Отец Кузьма подходит к Геннадию Семичеву и начинает его умолять:

– Зачем же ты? Ты, тово, пойми у себя в уме. Человек, который поет, должен себя воздерживать, потому что глотка у него тово… нежная.

Геннадий чешет себе шею и косится на окно, точно не к нему речь.

После «Херувимской» поют «Верую», потом «Достойно и праведно», поют чувствительно, гладенько – и так до «Отче наш».

– А по-моему, отец Кузьма, – говорит регент, – простое «Отче наш» лучше нотного. Его бы и спеть при графе.

– Нет, нет… Пой нотное. Потому граф в столицах, к обедне ходючи, окроме нотного ничего… Небось, там в капеллах… Там, брат, еще и не такие ноты!..

После «Отче наш» опять кашель, сморканье и перелистыванье нот. Предстоит исполнить самое трудное: концерт.

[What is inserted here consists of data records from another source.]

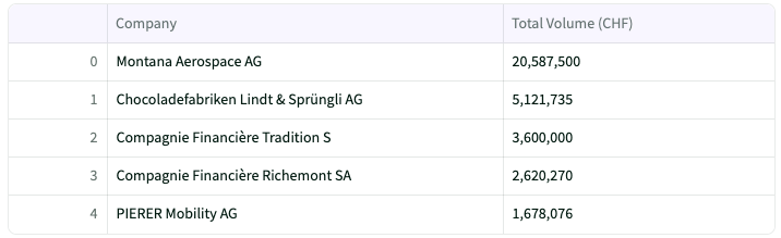 Monthly Summary of Insider Buys & Sells in 🇨🇭Switzerland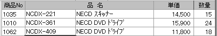 DX,361の指定ですと、商品記号に "DX"と"361"を含むものを抽出しいう指定となります
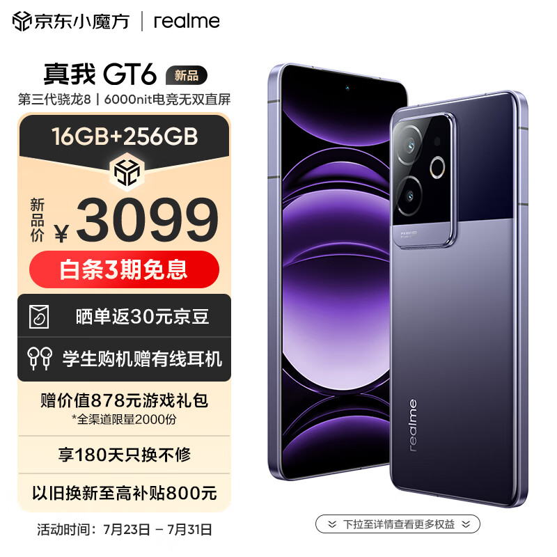 realme真我GT6第三代骁龙8旗舰芯 6000nit无双电竞直屏 5800mAh聚能电池 AI智能游戏手机 16+256风暴紫价格:3099.00元!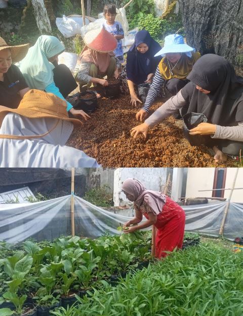 Kader PKK, kader kesehatan berkolaborasi dengan KWT menanam berbagai macam sayuran yang kemudian diberikan pada sasaran.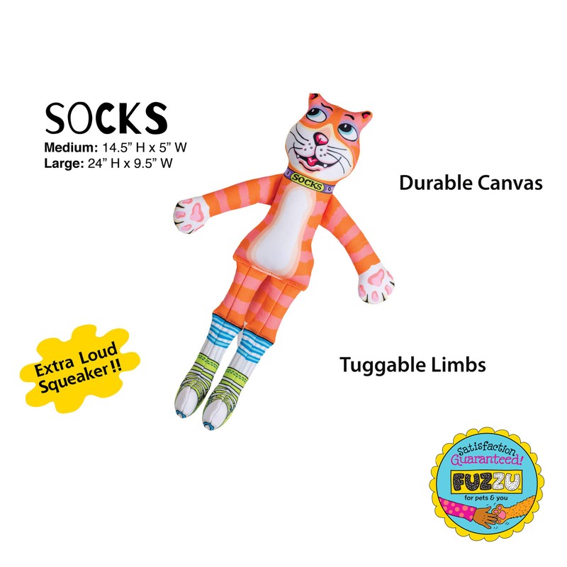 FUZZU Durable Dog Toy with Squeaker - Floppy Tough Chew Toy, That Sneaky Cat! - Socks, Large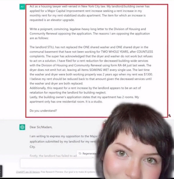 Svetlana (28 tuổi) ở New York đã sử dụng chatbot AI ChatGPT để viết một lá thư gay gắt gửi cho chủ nhà của mình, buộc họ phải sửa các thiết bị trong tòa nhà trước khi cô chấp nhận tăng tiền thuê.

Алексей Алексеич изучает две вещи: «Кто бог велий» и «Всемирную славу». Что лучше выучат, то и будут петь при графе. Во время концерта регент входит в азарт. Выражение доброты то и дело сменяется испугом. Он машет руками, шевелит пальцами, дергает плечами…

– Форте! – бормочет он. – Анданте! Разжимайте… разжимайте! Пой, идол! Тенора, не доносите! То-то-ти-то-том… Соль… си… соль, дурья твоя голова! Велий! Басы, ве… ве… лий…

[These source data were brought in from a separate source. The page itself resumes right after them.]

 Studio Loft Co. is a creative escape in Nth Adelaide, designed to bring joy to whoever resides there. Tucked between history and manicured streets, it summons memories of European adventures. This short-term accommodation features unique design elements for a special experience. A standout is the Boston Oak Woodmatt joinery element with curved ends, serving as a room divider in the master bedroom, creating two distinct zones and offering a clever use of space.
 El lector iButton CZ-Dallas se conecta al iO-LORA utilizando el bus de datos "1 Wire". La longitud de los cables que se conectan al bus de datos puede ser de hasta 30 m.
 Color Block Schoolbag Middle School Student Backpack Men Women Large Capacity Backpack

Его смычок гуляет по головам и плечам фальшивящих дискантов и альтов. Левая рука то и дело хватает за уши маленьких певцов. Раз даже, увлекшись, он согнутым большим пальцем бьет под подбородок баса Геннадия. Но певчие не плачут и не сердятся на побои: они сознают всю важность исполняемой задачи.

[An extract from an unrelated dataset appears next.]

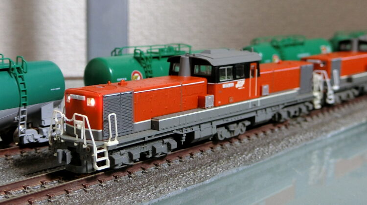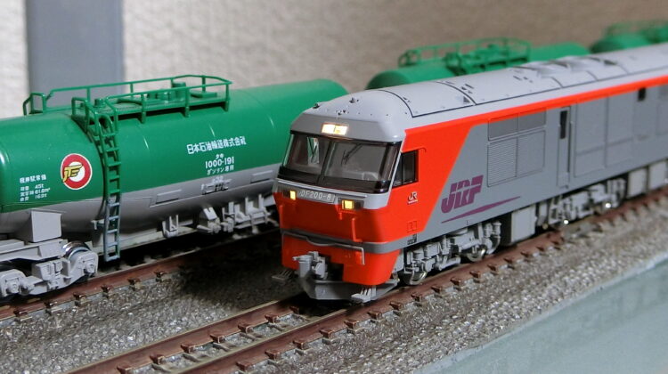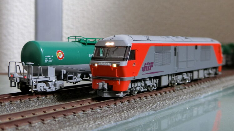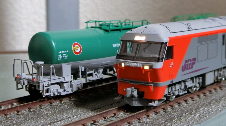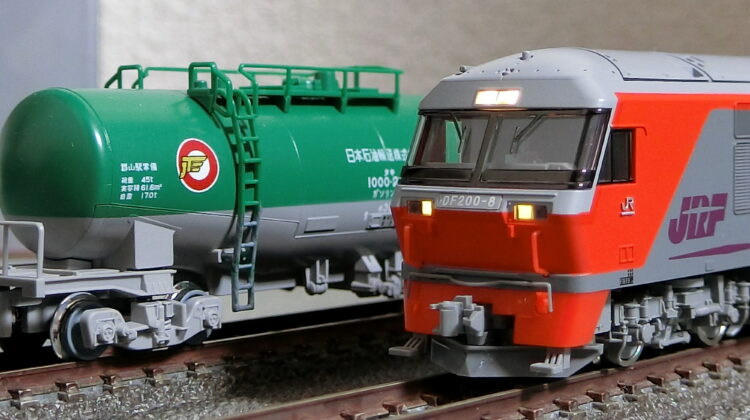 グリーンのタンク車に赤い機関車が映えます。稲沢のDD51更新色重連も違った魅力がありますが…DF200の力強さは模型でも伝わってきてカッコいいのです。実際、TOMIXのDF200はかなり重く、何両でも引き出しそうな雰囲気があります(試してませんが)。恐らくですが…50両くらい牽けるのではないでしょうか。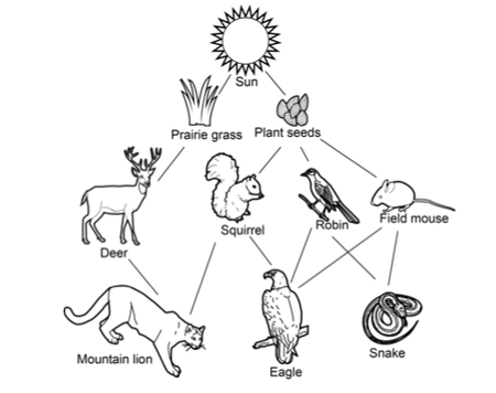 The diagram above shows the transfer of energy between members of an ecosystem. The information in this diagram supports which of the following ideas?

После концерта проходит минута в молчании. Алексей Алексеич, вспотевший, красный, изнеможенный, садится на подоконник и окидывает присутствующих мутным, отяжелевшим, но победным взглядом. В толпе слушателей он, к великому своему неудовольствию, усматривает диакона Авдиесова. Диакон, высокий, плотный мужчина, с красным рябым лицом и с соломой в волосах, стоит, облокотившись о печь, и презрительно ухмыляется.

– Ладно, пой! Выводи ноты! – бормочет он густым басом. – Очень нужно грахву твое пение! Ему хоть по нотам пой, хоть без нот… Потому – атеист…

Отец Кузьма испуганно озирается и шевелит пальцами.

– Ну, ну… – шепчет он. – Молчи, диакон. Молю…

После концерта поют «Да исполнятся уста наша», и спевка кончается. Певчие расходятся, чтобы сойтись вечером для новой спевки. И так каждый день.

Проходит месяц, другой…

Уже и управляющий получил уведомление о скором приезде графа. Но вот наконец с господских окон снимаются запыленные жалюзи и Ефремово слышит звуки разбитого, расстроенного рояля. Отец Кузьма чахнет и сам не знает, отчего он чахнет: от восторга ли, от испуга ли… Диакон ходит и ухмыляется.

В ближайший субботний вечер отец Кузьма входит в квартиру регента. Лицо его бледно, плечи осунулись, блеск лиловой рясы померк.

– Был сейчас у его сиятельства, – говорит он, заикаясь, регенту. – Образованный господин, с деликатными понятиями… Но, тово… обидно, брат… В каком часу, говорю, ваше сиятельство, прикажете завтра к литургии ударить? А они мне: «Когда знаете… Только нельзя ли как-нибудь поскорее, покороче… без певчих». Без певчих! Тово, понимаешь… без певчих…

Алексей Алексеич багровеет. Легче ему еще раз простоять два часа на коленях, чем этакие слова слышать! Всю ночь не спит он. Не так обидно ему, что пропали его труды, как то, что Авдиесов не даст ему теперь прохода своими насмешками. Авдиесов рад его горю. На другой день всю обедню он презрительно косится на клирос, где один, как перст, басит Алексей Алексеич. Проходя с кадилом мимо клироса, он бормочет:

– Выводи ноты, выводи! Старайся! Грахв красненькую на хор даст!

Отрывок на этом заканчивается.